Given the entries that follow, write out exactly the lines starting at the one containing "WB Installation - 1996" and ending at the one containing "By lining the", both ends included, and only those.

Extracted data below:

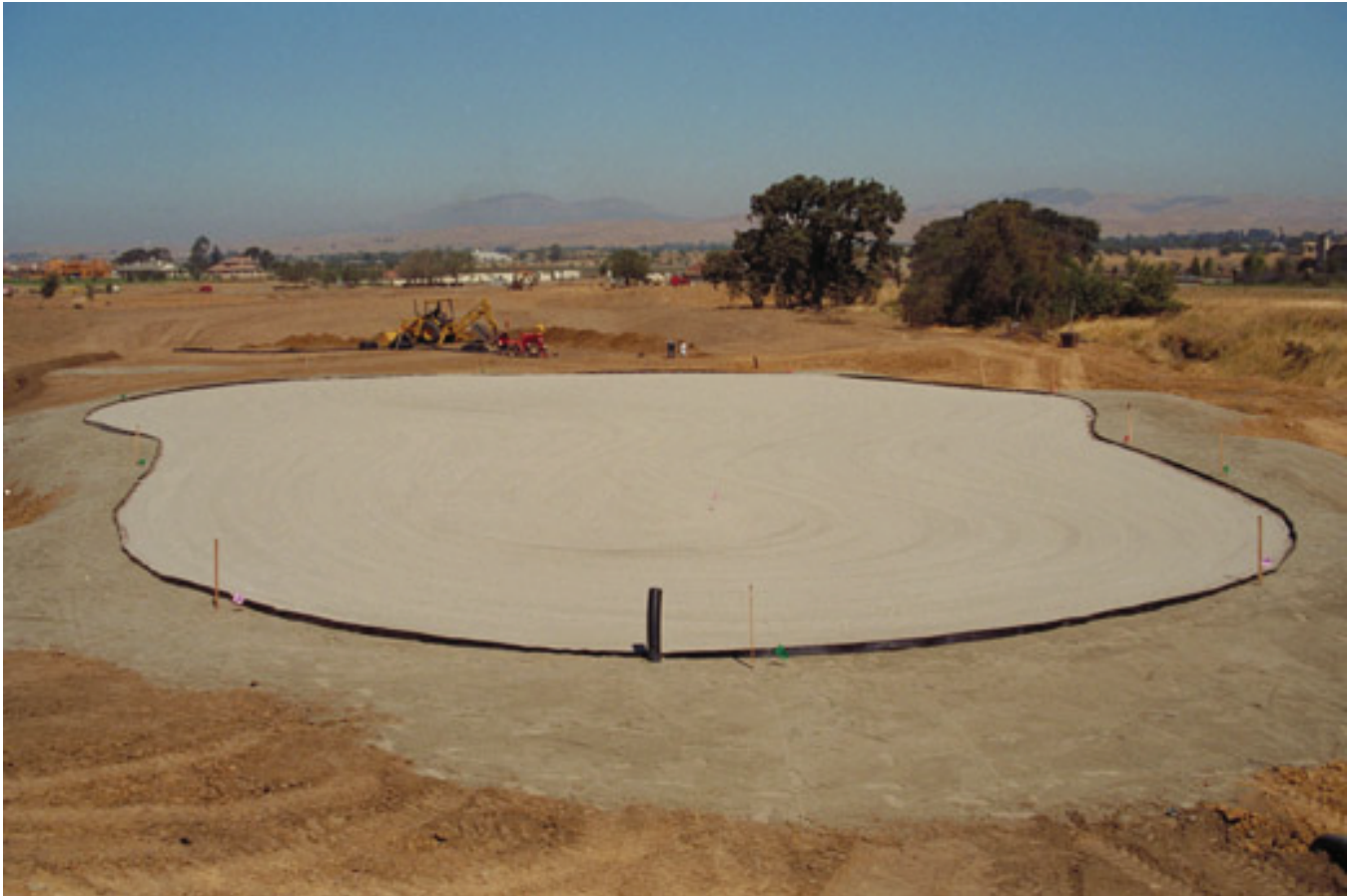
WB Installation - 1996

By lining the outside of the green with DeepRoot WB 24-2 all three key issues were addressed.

End of Extracted data.
Extracted data below:

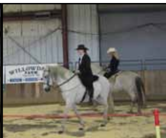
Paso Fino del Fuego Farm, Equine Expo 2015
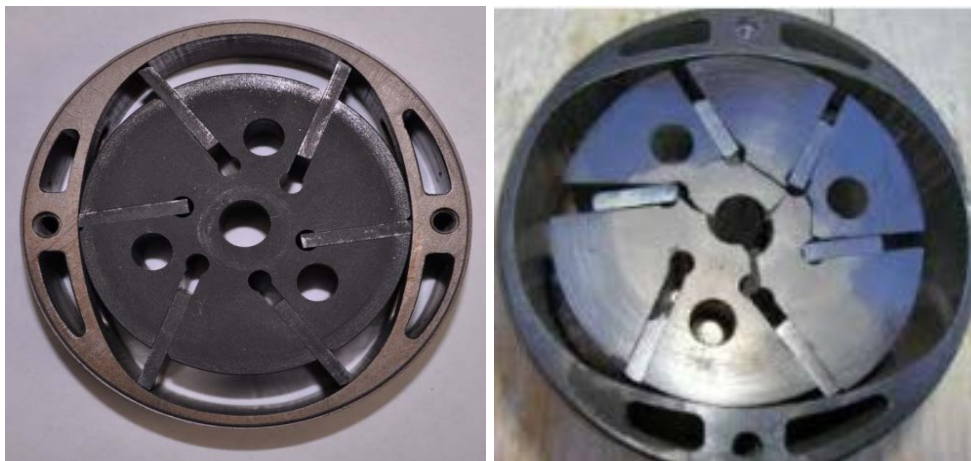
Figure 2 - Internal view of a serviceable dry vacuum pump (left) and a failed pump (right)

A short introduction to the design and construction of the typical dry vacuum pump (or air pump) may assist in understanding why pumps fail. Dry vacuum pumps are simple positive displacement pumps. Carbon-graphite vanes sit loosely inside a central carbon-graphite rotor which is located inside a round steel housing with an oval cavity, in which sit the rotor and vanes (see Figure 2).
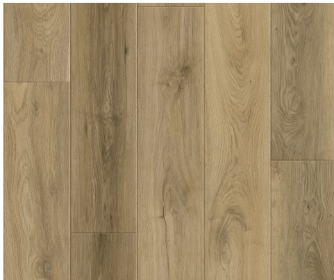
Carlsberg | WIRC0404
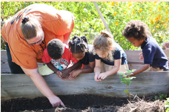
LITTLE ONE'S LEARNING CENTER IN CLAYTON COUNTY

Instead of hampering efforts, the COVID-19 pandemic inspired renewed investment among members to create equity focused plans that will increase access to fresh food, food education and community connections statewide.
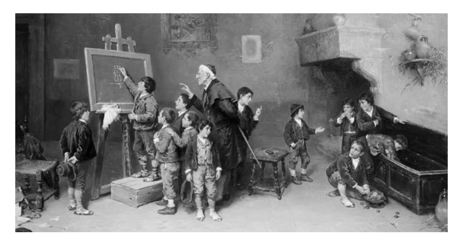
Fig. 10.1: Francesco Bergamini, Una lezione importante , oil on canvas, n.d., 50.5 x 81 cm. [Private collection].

End of Extracted data.

Reply to the exercise
WB Installation - 1996

By lining the outside of the green with DeepRoot WB 24-2 all three key issues were addressed.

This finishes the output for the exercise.